I could imagine from everything I know of you like you're just you're so who you are and you don't censor what you say. But then I could imagine being the CEO of a publicly listed company and having everything under scrutiny would be so challenging. How did you balance

your like just your authenticity. I hate that word. It's so overused, but I feel like you embody it with what is expected and what will be documented and what will be you know, influence share price and what comes out of your mouth.

Speaker 2

Right, Yes, So that was a big which I had to make, and I really had to tone myself right down, and anything I said publicly sometimes the board would have to oversee it. And if I did say something where I, you know, was a little bit on the edge, then sometimes the board would reprimand me. And so that was all like, wow, this is like really challenging. And then when I so we sold the company two years ago, and then when I went back into just being in

private business, oh it's so great. So example, when the federal government election was recently on, and just beforehand, the liberal government came out and said, oh, we're going to do a tech round table and I went, well, a tech roundtable?

Speaker 1

Oh?

Speaker 2

Is that it is? That your tech policy? And I'm on social media? And then the next day Labor released their one billion dollar tech fund. I go, oh, and Labor's going to do a one billion dollar tech fund. Okay, who you know, how's this going to go? Everybody a tech round table or a billion dollar fund for technology who thinks they know what the hell's going on? And so now I'm just in social media all the time.

It's just like and you know, because I'm big on the metaverse, now it's like calling out the metaverse providers, calling out government, pulling up the politicians if they're saying something I don't think it's authentic. Really working with it was a great minister Dominello, Victor Dominello when you south was who's just I reckon? He's a champion, So you know, I can say really good positive things about him, the

stuff he's doing. It's so much better and easier being not being in the public I'm still a public eye, but not representing a public company where the share price, the share price would go up and down based on what I said.

Speaker 1

God, how like I've heard from some CEOs of public listened companies that part of the challenge is trying to detach yourself and your decisions from a fluctuating share price. I imagine that was probably key in your role. How did you do that?

Speaker 2

Oh?

Speaker 1

That was really difficult.

Speaker 2

So we would have to look at the share price every day and monitor it every day. And initially I would get very very stressed to be up to be down, and that it wouldn't make sense. We'd do a really good announcement and the share price would drop, and I had to learn the dynamics of the share market because that would mean simply that some people knew the share price is going to go up, so they would sell out to get a lift on what they'd brought in on.

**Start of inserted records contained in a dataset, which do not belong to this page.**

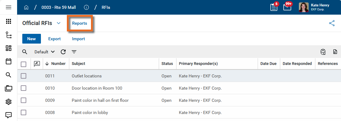 Several project directory reports are available in the Project Directory app. To run a report, click Reports in the application title bar. Select the report and click View or Download. For more detailed information on generating reports, refer to Viewing Reports.
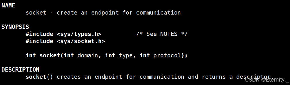 int socket(int domain, int type, int protocol);
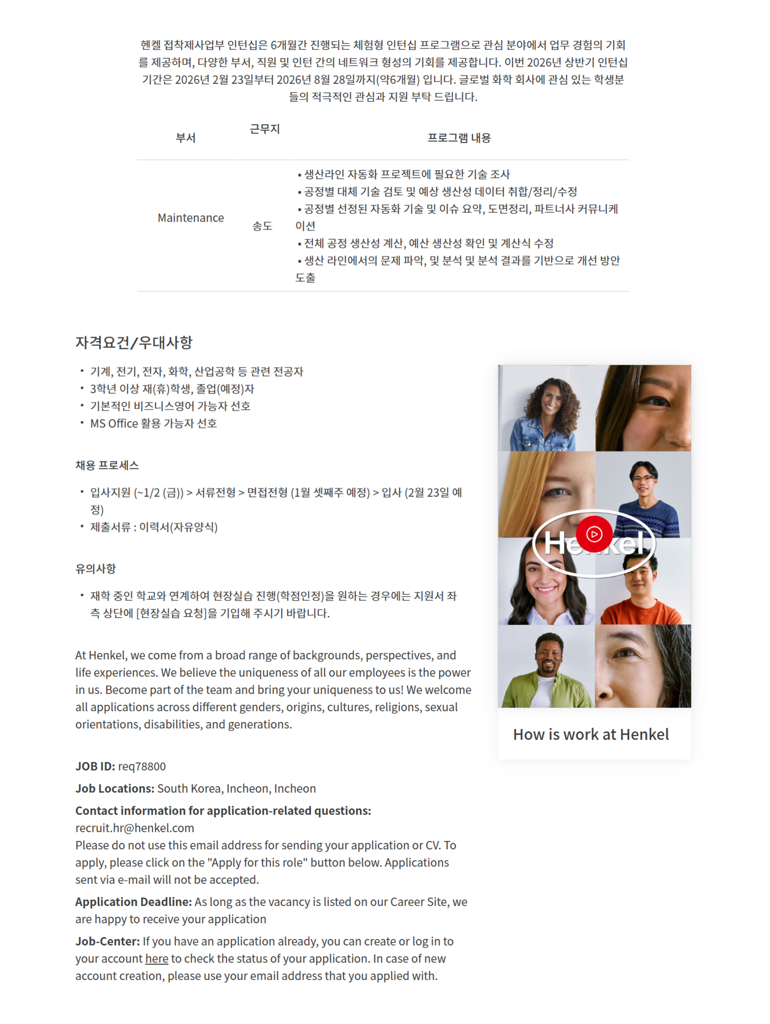 Henkel Adhesive Internship Program - SHE/Maintenance - Songdo
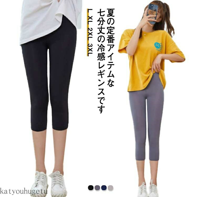 【送料無料】レギンス 夏用 涼しい レディース 薄手 7分丈 2点セット 大きいサイズ アイスシルク・・・
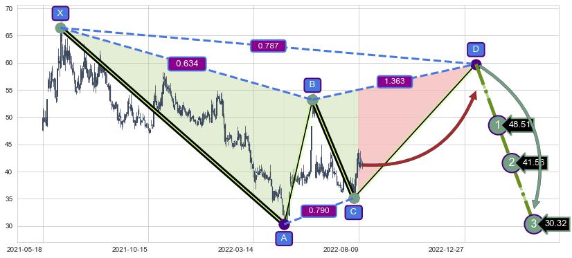 ➣ D点拟合预测价格59.76,距离最后交易收盘价格41.20相差 +45.04%
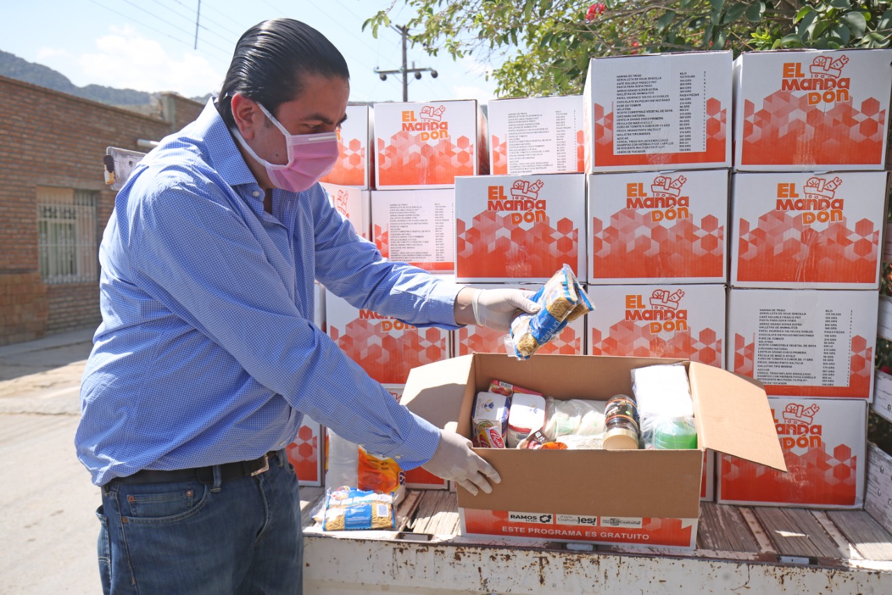 1 de abril del 2020 Ramos Arizpe, Coahuila de Zaragoza. El alcalde Chema Morales acudió a la congregación Santo Domingo para hacer entrega de 85 mandadones a las familias que ahí habitan, a través de este programa mensualmente se entregan 2890 súper despensas, con un total de 22 productos de la canasta básica y que llega a los 80 ejidos del campo de Ramos Arizpe.

It wasn't actually that everyone thought that was a bad thing, that we'd want a piece of business. So I had to learn the patterns and the cycles of the share market and the share price, and that was that's quite a skill, and there's a real science in there. And then sometimes it's completely unpredictable, and then other times it depends what's going on in the US market, depends on some other tech stocks just crashed, and so we get the wave of that. So that was, yeah, it was difficult.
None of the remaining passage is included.